PROBLEM DETAILS —
The lines to extract run from the start of the records through the line with "Детали: застежка на", both ends included; drop the pictures.

ENTRIES SHOWN —
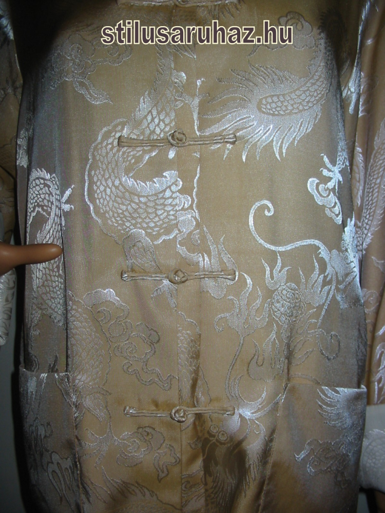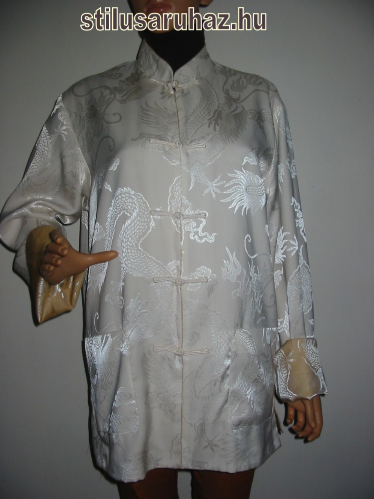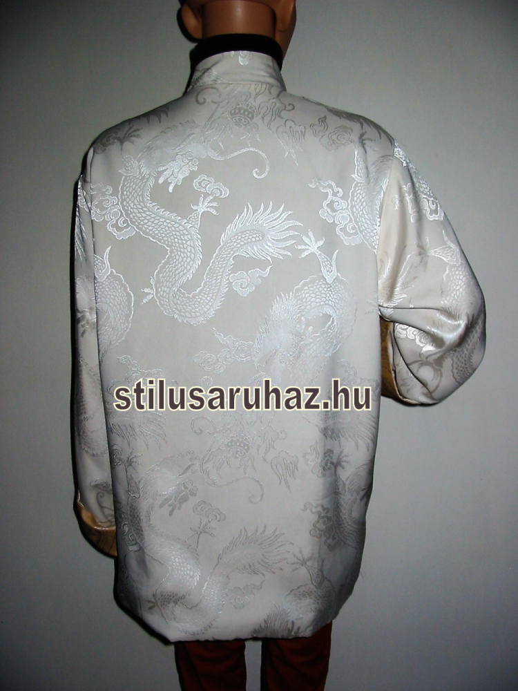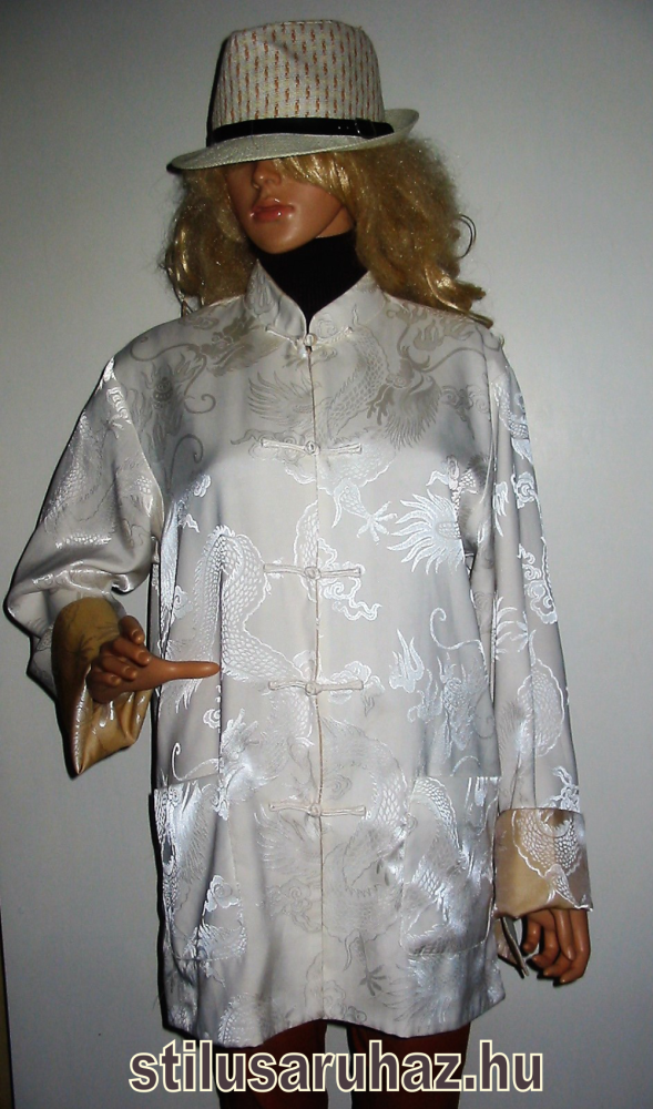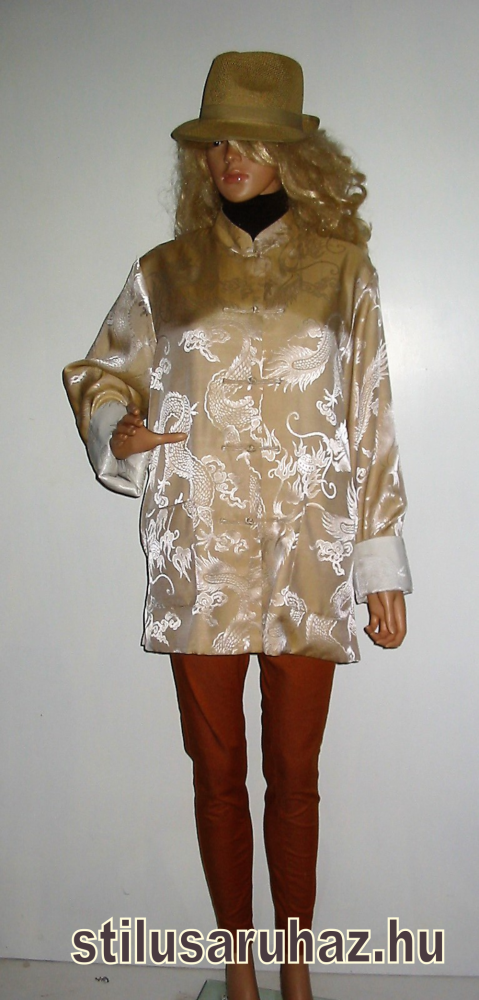 Pasztell színvilága, szép fényes selymes tapintású anyaga és egyedi mintázata teszi szemet vonzóvá ezt az állónyakú, elöl két benyúlós zsebbel készült egyenes vonalú, hosszított blézert. A saját anyagából készült érdekes gombok és mutatós zsinóros gomboláspántok tovább fokozzák ezt a hatást.
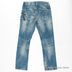 Детали: застежка на молнию и пуговицу, к поясу пришиты шлевки, три передних кармана, четыре задних кармана, эффект потертости
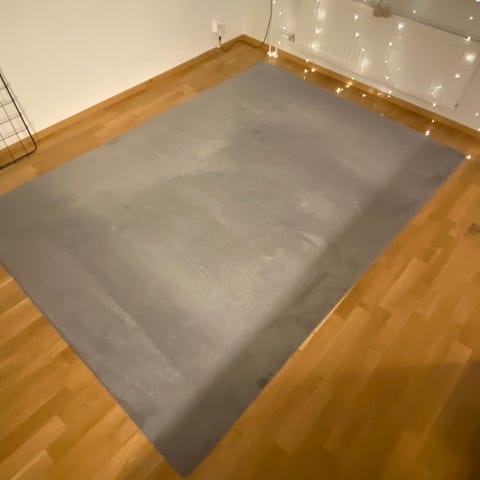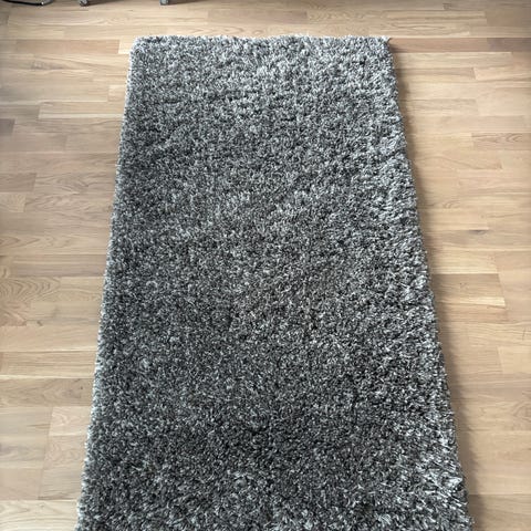 Jysk nukkamatto harmaansävyisenä. Matossa on pehmeä, pitkä nukka ja yksivärinen, hieman eläväpintainen kuosi. Sopii esimerkiksi olohuoneeseen tai makuuhuoneeseen tuomaan pehmeyttä lattialle. Taustapuoli on tasainen ja reunat kantattu siististi.
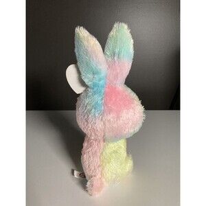 Bubby is a pastille coloured, tie-dyed rabbit with large, glittery pink button eyes and a pink button nose with an embroidered smile. She has a white belly and the inside of her ears are white with multicoloured polka dots.
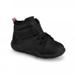 Confectionat din piele, inchidere cu siret elastic si velcro pentru o fixare mai usoara, cu captuseala din blanita pentru a mentine piciorusele calde.

OUTPUT FOR THIS TASK —
 Pasztell színvilága, szép fényes selymes tapintású anyaga és egyedi mintázata teszi szemet vonzóvá ezt az állónyakú, elöl két benyúlós zsebbel készült egyenes vonalú, hosszított blézert. A saját anyagából készült érdekes gombok és mutatós zsinóros gomboláspántok tovább fokozzák ezt a hatást.
 Детали: застежка на молнию и пуговицу, к поясу пришиты шлевки, три передних кармана, четыре задних кармана, эффект потертости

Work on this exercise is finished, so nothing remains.